How to Submit a Sitemap to Google Search Console

Submitting your website’s sitemap to Google Search Console is a straightforward process. Here’s what you need and how to go about it.

So you just finished creating your website. Now what?

If you are like most website owners, the next question that comes to mind is “how am I going to get my website’s pages indexed by Google?” Well, there are many ways to tackle this – one of which is to submit to and verify your website with Google Search Console (GSC). Once that’s done, you then proceed to submitting your website’s sitemap to GSC.
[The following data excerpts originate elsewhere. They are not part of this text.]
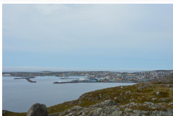
Ville de Saint Pierre, ©Pascal Le Floc'h

Des travaux récents décrivent la trajectoire de croissance de l'archipel de Saint-Pierre et Miquelon depuis la fin de l'exploitation industrielle de la morue en 1992.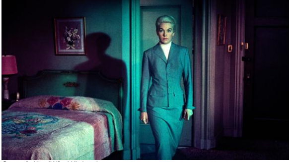
Sueurs froides d'Alfred Hitchcock

Sueurs froides d'Alfred Hitchcock a 60 ans. Ce film somme sur la répétition au cinéma est la porte d'entrée rêvée pour explorer cette figure de style réjouissante.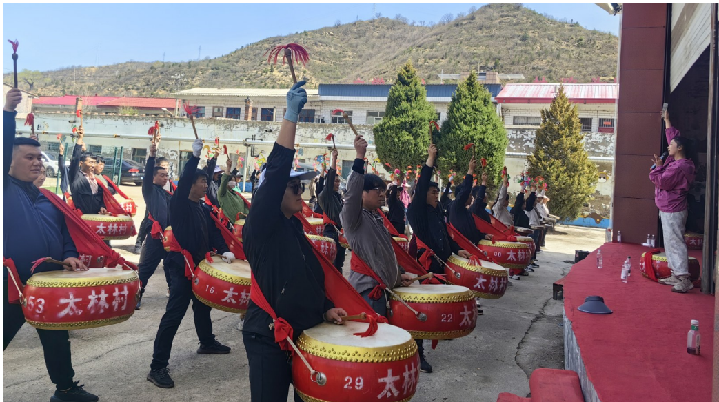
山西省临汾市蒲县太林乡党委运用“道德银行”激励机制,组织群众筹备“东醮朝山”非遗展演。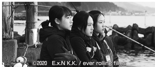
●2021年5月1日より ポレポレ東中野ほか全国順次公開 (TEL: 03-3371-0088)

Here’s a walkthrough on how to go about submitting your sitemap to Google Search Console.

Requirement

To be able to do this, you obviously need to have a sitemap of your website ready, specifically one that is compatible with GSC – an XML sitemap. If you don’t have this ready, and not sure how to generate it, here’s a guide on how to generate an XML sitemap for your website. Take note of your XML sitemap’s location or URL (ex. https://domain.com/sitemap.xml)

And as mentioned, you have to have your website and ownership of it verified with Google Search Console first. Here’s a guide on verifying your website with Google Search Console if this is something you are not familiar.

Steps in submitting an XML sitemap to Google Search Console

1. Login to your Google Search Console

Head over to Google Search Console and login to access the dashboard.

2. Select a property

This is particularly necessary if you have multiple properties in your GSC account. Be sure to switch to the correct property/domain by switching to it from the property switch located near the top left corner of the dashboard.

3. Select ‘sitemap’ from left sidebar

There is a sidebar on the left of the dashboard that gives you access to different areas/tools available in your GSC dashboard. For sitemap submission, look for the ‘index’ section of the sidebar and under it click ‘sitemap’ option.

4. Enter your sitemap location

In the ‘Sitemaps’ section, you will see two sub-sections namely “Add a new sitemap” and “Submitted sitemaps”. Enter your sitemap location in the field provided under “Add a new sitemap.” This part you just need to enter the file location, not the entire URL. So, if the URL to your sitemap looks like this “https://domain.com/file/sitemap.xml” – then you only have to enter “file/sitemap.xml”.

5. Submit and review

With your sitemap location already in the input field, click submit and your submission will be reflected under “Submitted sitemaps” sub-section. In here, you will see an error if you submitted a sitemap that can’t be located or that is in the whole file format. If all goes well, the status should reflect a “success” note and “Discovered URLs” should start accounting all links crawled through the sitemap.

Crawling and indexing

Having your website’s sitemap submitted to Google Search Console does not guarantee instant indexing, but it does help in telling the search giant that there’s something new on your website that they might want to crawl and index. Google built the this tool as a way for site owners to relay website-related things to them and for Google to provide feedback on the website as it crawls and stumbles upon it in the world wide web.

To help your website get discovered and its pages indexed fast, you should think about coming up with a strategy that triggers content sharing and/or resource citation from other site owners.